/---

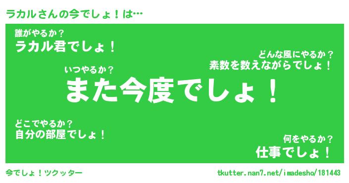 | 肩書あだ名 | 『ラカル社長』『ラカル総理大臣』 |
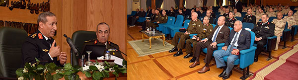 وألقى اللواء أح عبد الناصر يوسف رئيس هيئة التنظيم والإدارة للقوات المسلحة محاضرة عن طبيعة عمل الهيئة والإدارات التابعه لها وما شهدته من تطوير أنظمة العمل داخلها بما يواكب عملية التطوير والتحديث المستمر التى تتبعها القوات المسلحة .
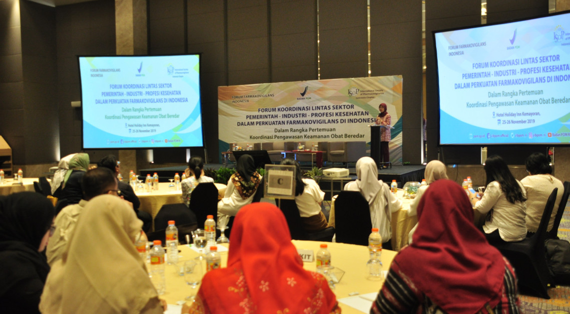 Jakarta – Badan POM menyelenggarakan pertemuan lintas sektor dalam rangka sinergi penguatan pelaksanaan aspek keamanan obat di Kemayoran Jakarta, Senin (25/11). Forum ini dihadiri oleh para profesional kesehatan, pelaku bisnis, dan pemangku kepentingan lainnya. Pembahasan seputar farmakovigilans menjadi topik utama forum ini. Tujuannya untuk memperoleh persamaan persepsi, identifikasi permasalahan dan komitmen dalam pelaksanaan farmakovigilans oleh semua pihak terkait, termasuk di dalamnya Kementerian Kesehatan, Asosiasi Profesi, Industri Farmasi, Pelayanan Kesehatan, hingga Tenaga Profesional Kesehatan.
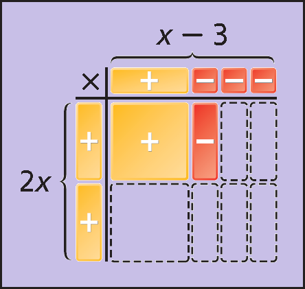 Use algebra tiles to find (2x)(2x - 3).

\---

» **PROBLEM TO WORK ON**
Print all of the data exactly, and do not carry over any pictures.

» **EXERCISE OUTPUT**
 | 肩書あだ名 | 『ラカル社長』『ラカル総理大臣』 |
 وألقى اللواء أح عبد الناصر يوسف رئيس هيئة التنظيم والإدارة للقوات المسلحة محاضرة عن طبيعة عمل الهيئة والإدارات التابعه لها وما شهدته من تطوير أنظمة العمل داخلها بما يواكب عملية التطوير والتحديث المستمر التى تتبعها القوات المسلحة .
 Jakarta – Badan POM menyelenggarakan pertemuan lintas sektor dalam rangka sinergi penguatan pelaksanaan aspek keamanan obat di Kemayoran Jakarta, Senin (25/11). Forum ini dihadiri oleh para profesional kesehatan, pelaku bisnis, dan pemangku kepentingan lainnya. Pembahasan seputar farmakovigilans menjadi topik utama forum ini. Tujuannya untuk memperoleh persamaan persepsi, identifikasi permasalahan dan komitmen dalam pelaksanaan farmakovigilans oleh semua pihak terkait, termasuk di dalamnya Kementerian Kesehatan, Asosiasi Profesi, Industri Farmasi, Pelayanan Kesehatan, hingga Tenaga Profesional Kesehatan.
 Use algebra tiles to find (2x)(2x - 3).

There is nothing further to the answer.